Cryptocurrencies have gained widespread adoption in the past few years, as they provide a more decentralized and safer means of handling financial transactions. But a recent cryptocurrency anti-money laundry report shows that hackers pocketed over $4 billion from cryptocurrency-related cybercrimes in 2019 – a clear indication that there is a substantial security risk in the cryptocurrency space. Although cryptocurrencies use robust blockchain technology and a variety of other effective cryptographic techniques to protect financial transactions from hackers, other elements of this ecosystem could be vulnerable. For instance, digital wallets, exchanges, and human mistakes can heighten the risk of hacking.
Is it Safe to Invest in Cryptocurrencies?
Safe investment doesn’t exist. All investments carry some aspects of risks. But definitely, some investments are less risky than others. Cryptocurrencies tend to be highly volatile, which means they can result in a substantial loss at one moment and huge profits at the next moment. If you do a deep study of the marketplace and invest wisely, cryptocurrency can be a lucrative activity.
Countless cryptocurrencies are available out there, but they are not all created the same. Before investing in any cryptocurrency, be sure to do your due diligence. Find out who created it, whether the exchanges where that coin is being traded are secure, and whether they do a thorough screening.
Once you buy your digital currency, be sure to store it safely. You can keep it in a digital wallet. Although there are a variety of digital wallets, each has its unique upsides, technical requirements, and safety measures. So, ensure you compare different storage options before investing.

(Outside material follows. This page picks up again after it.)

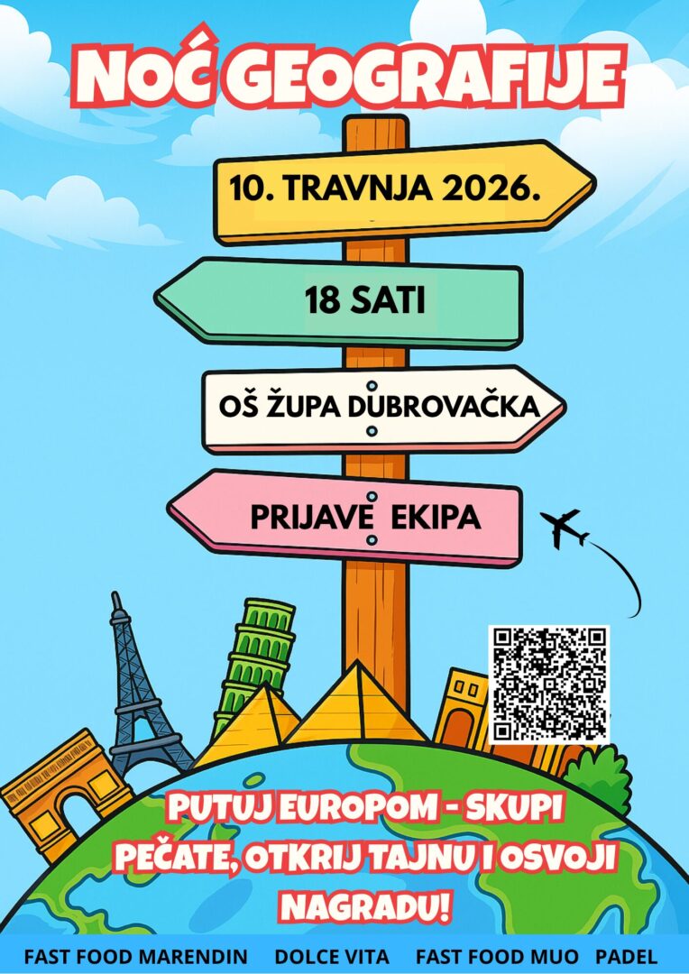 Iz osnovne škole Župa dubrovačka pozivaju učenike i ljubitelje geografije na zanimljiv i edukativan događaj – Noć geografije, koja će se u župskoj školi održati 10. travnja 2026. godine s početkom u 18 sati.

Just like any other investment, diversification is crucial when you’re investing in digital currencies. Don’t invest all of your hard-earned money on a single coin. Instead, research other reputable coins out there and invest in a few of them.
Before investing in cryptocurrency, ensure you have a strong investment portfolio and great mental health. These two things will help you handle the highly unpredictable cryptocurrency market.
Tips for keeping your cryptocurrencies safe
1. Use Wallets from Reputable Exchanges
Some wallets are just malware in disguise. That’s why you must do your research and choose wallets from reputable exchanges. One of the greatest advantages of choosing a regulated exchange is that it’s more likely to have robust security measures in place.
2. Store your cryptocurrencies in a cold wallet
Instead of storing your coins on an online exchange, you can keep them on an offline USB device or hard drive. A USB device protects your coins by requiring you to verify or revoke any transaction by just touching the device. That way, it’s impossible for hackers and other cybercriminals to track your keystrokes.
3. Store Your Private Keys Safely and Securely
Most people have the same simple passwords that they use on all their social media platforms. If you’re one of them, don’t make the mistake of using such passwords as your private keys. Instead, use sophisticated two-factor authentication techniques. Remember to use multiple keys to authorize a cryptocurrency transaction, as that will significantly minimize the odds of fraud.
4. Create a backup of your private keys
Having a backup of your private keys in place ensures you’ll always have access to your coins even if your keys get lost. Create backups of your cryptocurrency hoard as regularly as possible, but especially after every transaction. Store them securely in an offline hardware wallet as well as in the cloud. That way, if the hard drive crashes, your data will still be safe and sound in the cloud, and vice versa.
5. Use a VPN to encrypt your data
A VPN service like NordVPN will safeguard your sensitive data leveraging industry-leading encryption to keep hackers from tracking your trading activities. Some of the things that make NordVPN stand out from other VPN services to include super-fast connection, the ability to block malware and adware, no data leaks, a strict no-logs policy, and 24/7 customer support. (I found out more about VPN referring to this NordVPN Review)
Regardless of their volatile nature and questionable reputation, cryptocurrencies keep on gaining massive attention and attracting more investors. But if you’re planning to invest in these digital currencies, you should be familiar with both financial risks and security threats. Although cryptocurrencies use highly secure blockchain technology, hackers are getting smarter every day and using advanced methods to access wallets and exchanges. So it’s important to implement the right security strategies to keep your cryptocurrency investment safe and secure.